_EXERCISE DETAILS_:
Retype the lines below exactly, but only those from the line that has "X says So let" through the line that has "学院风格纹polo领拼接假两件长袖t恤女秋冬内搭修身显瘦打底上衣". Omit every picture.

_TASK INPUT_:
-----

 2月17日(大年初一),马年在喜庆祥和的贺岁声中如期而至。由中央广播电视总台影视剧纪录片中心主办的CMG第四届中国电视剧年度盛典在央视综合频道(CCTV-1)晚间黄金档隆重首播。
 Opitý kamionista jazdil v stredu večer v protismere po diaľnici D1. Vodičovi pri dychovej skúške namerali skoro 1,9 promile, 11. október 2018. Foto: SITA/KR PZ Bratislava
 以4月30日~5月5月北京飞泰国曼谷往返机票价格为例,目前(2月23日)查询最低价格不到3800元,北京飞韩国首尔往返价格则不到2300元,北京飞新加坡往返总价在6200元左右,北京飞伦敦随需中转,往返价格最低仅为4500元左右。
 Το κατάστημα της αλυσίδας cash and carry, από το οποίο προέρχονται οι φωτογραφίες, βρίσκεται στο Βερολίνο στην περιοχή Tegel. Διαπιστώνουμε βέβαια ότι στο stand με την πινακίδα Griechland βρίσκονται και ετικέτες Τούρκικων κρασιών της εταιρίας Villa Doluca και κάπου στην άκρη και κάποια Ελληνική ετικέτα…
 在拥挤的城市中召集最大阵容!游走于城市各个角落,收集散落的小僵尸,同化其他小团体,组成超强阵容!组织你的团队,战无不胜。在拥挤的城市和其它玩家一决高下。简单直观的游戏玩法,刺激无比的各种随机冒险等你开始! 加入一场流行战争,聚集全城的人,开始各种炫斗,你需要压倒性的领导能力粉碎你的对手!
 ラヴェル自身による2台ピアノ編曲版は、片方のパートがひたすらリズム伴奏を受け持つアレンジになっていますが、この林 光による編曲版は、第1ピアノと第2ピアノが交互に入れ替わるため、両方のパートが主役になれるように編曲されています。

-----

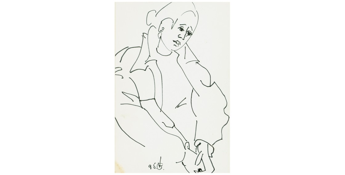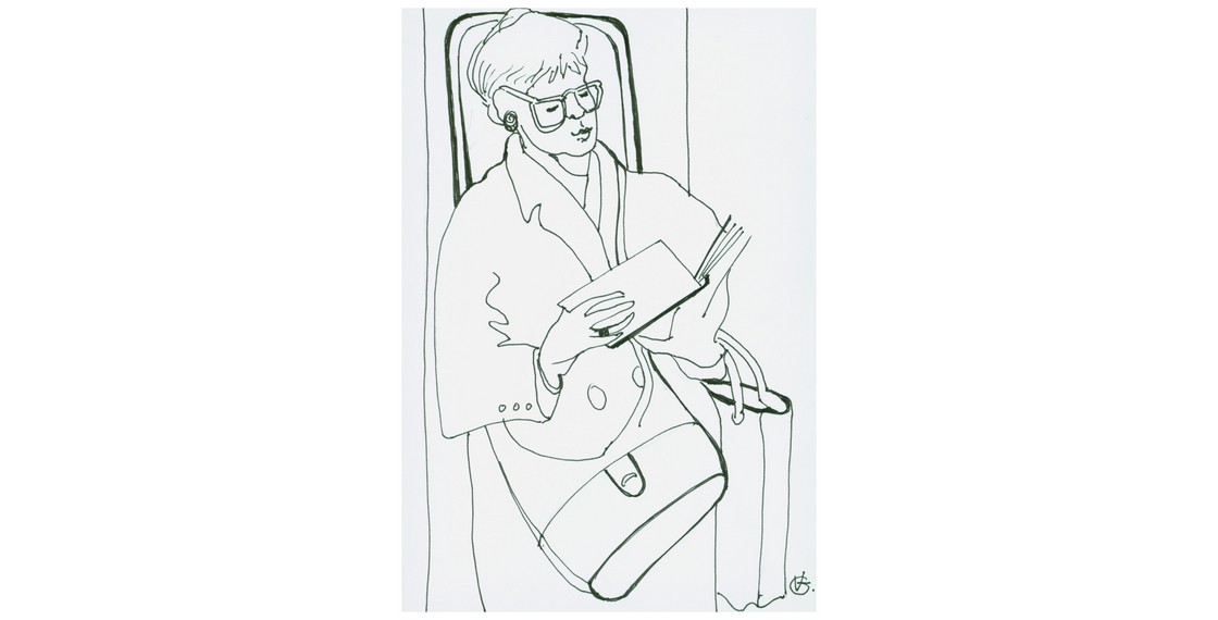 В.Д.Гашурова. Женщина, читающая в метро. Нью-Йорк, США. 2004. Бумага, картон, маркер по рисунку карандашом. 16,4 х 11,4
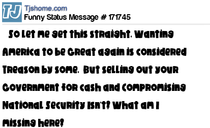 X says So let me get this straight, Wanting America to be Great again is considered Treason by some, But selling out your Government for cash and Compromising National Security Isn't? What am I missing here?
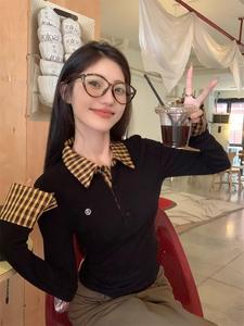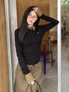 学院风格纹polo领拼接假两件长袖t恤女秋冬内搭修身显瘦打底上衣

-----

_RESPONSE TO THIS EXERCISE_:
 X says So let me get this straight, Wanting America to be Great again is considered Treason by some, But selling out your Government for cash and Compromising National Security Isn't? What am I missing here?
 学院风格纹polo领拼接假两件长袖t恤女秋冬内搭修身显瘦打底上衣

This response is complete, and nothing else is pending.